Keep every word the same. Repeat the records without their images.

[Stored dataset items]

***

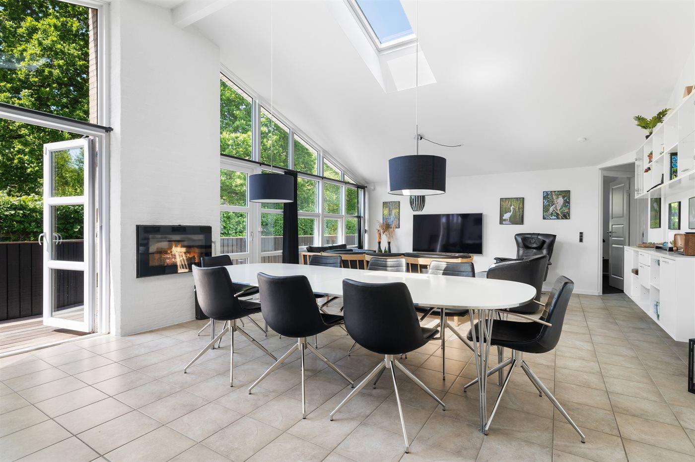 Huset er godt indrettet og har et stort åbent og lyst køkken-alrum, hvor der er åbnet op til kip, så der er et flot lysindfald fra de store sydvest-vendte vinduespartier. Omkring huset findes der flere terrasser, således der altid er mulighed for at finde et sted med sol. I den store have er der god plads til udendørs aktiviteter.
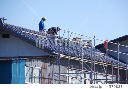 棟瓦の修理 棟瓦を積む
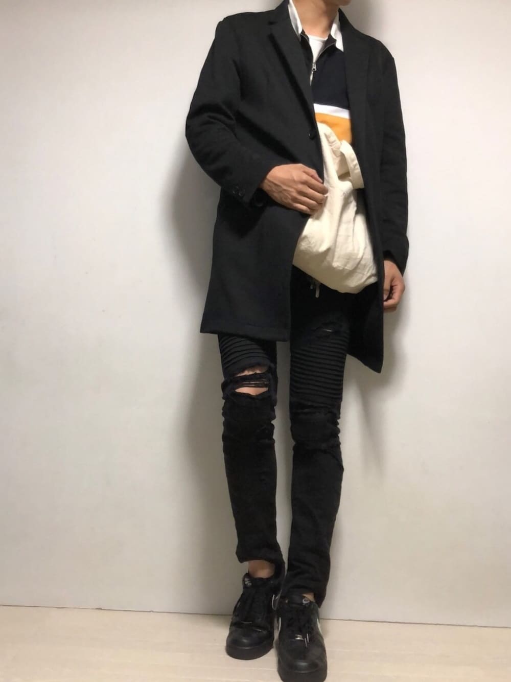 -コーデのポイント- ・黒でクールな雰囲気を出しつつ、トートや黄色の差し色で可愛さを出した ・クラッシュデニムで韓国ファッションを意識した 今日のオススメポイントは、スキニーに存在感のあるスニーカーを合わせること、です。細身のシルエットを見せつつ、スニーカーの存在感を際立たせることができます😊そう言った意味でも、ナイキのエアフォース1は紹介したいアイテムの1つです!ずっしりとしたつくりで、他のスニーカーと比べても、一際存在感のあるスニーカーだと思っています。 気になる方はぜひ、購入してみてください! #wearhalloween2018のタグ付けました!僕の中でのハロウィンのイメージは、暗い色の中に、華やかな色合いが煌めく、といったイメージだったので🎃
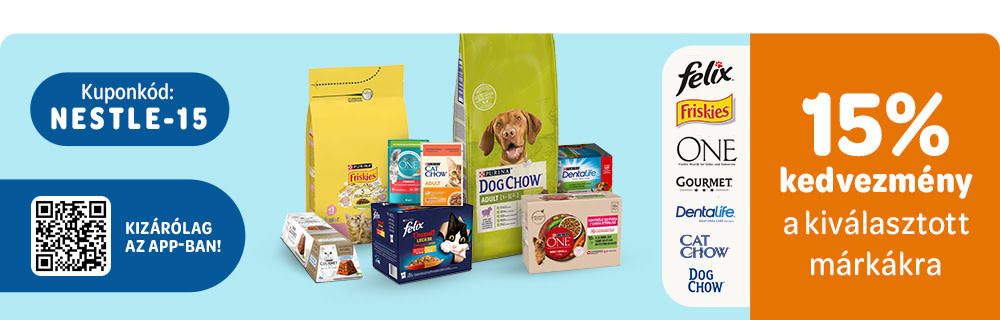 Csapjon le gyorsan a 15% kedvezményre* amit most a Felix, Friskies, Purina ONE, Gourmet, Dentalife, Cat és Dog Chow kutya- és macskaeledelekre ajánlunk.
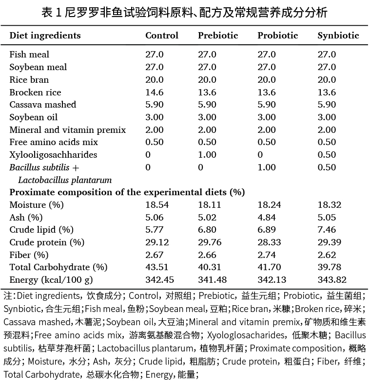试验目的 本研究旨在探究低聚木糖(XOS)对尼罗罗非鱼生长性能、鱼肉品质、健康状况及抗病性的影响。 试验设计 本次试验共设置了4个饲料处理组:对照组(基础饲料)、XOS组(添加 1% XOS)、益生菌组(添加 0.5% 枯草芽孢杆菌+ 0.5% 植物乳杆菌)、合生元组(添加 0.5% XOS + 0.5% 益生菌剂)(表 1)。饲喂试验共设置12个网箱,每个网箱投放30尾试验鱼。在整个试验周期(56天)内,每天上午 8:00 和下午 17:00,采用人工投喂方式向各组试验鱼分别投喂4种试验饲料(每组 3 个重复),投喂量以鱼群达到表观饱食状态为准。试验期间严格对水质参数进行持续监测。

***

- _Solution_:
 Huset er godt indrettet og har et stort åbent og lyst køkken-alrum, hvor der er åbnet op til kip, så der er et flot lysindfald fra de store sydvest-vendte vinduespartier. Omkring huset findes der flere terrasser, således der altid er mulighed for at finde et sted med sol. I den store have er der god plads til udendørs aktiviteter.
 棟瓦の修理 棟瓦を積む
 -コーデのポイント- ・黒でクールな雰囲気を出しつつ、トートや黄色の差し色で可愛さを出した ・クラッシュデニムで韓国ファッションを意識した 今日のオススメポイントは、スキニーに存在感のあるスニーカーを合わせること、です。細身のシルエットを見せつつ、スニーカーの存在感を際立たせることができます😊そう言った意味でも、ナイキのエアフォース1は紹介したいアイテムの1つです!ずっしりとしたつくりで、他のスニーカーと比べても、一際存在感のあるスニーカーだと思っています。 気になる方はぜひ、購入してみてください! #wearhalloween2018のタグ付けました!僕の中でのハロウィンのイメージは、暗い色の中に、華やかな色合いが煌めく、といったイメージだったので🎃
 Csapjon le gyorsan a 15% kedvezményre* amit most a Felix, Friskies, Purina ONE, Gourmet, Dentalife, Cat és Dog Chow kutya- és macskaeledelekre ajánlunk.
试验目的 本研究旨在探究低聚木糖(XOS)对尼罗罗非鱼生长性能、鱼肉品质、健康状况及抗病性的影响。 试验设计 本次试验共设置了4个饲料处理组:对照组(基础饲料)、XOS组(添加 1% XOS)、益生菌组(添加 0.5% 枯草芽孢杆菌+ 0.5% 植物乳杆菌)、合生元组(添加 0.5% XOS + 0.5% 益生菌剂)(表 1)。饲喂试验共设置12个网箱,每个网箱投放30尾试验鱼。在整个试验周期(56天)内,每天上午 8:00 和下午 17:00,采用人工投喂方式向各组试验鱼分别投喂4种试验饲料(每组 3 个重复),投喂量以鱼群达到表观饱食状态为准。试验期间严格对水质参数进行持续监测。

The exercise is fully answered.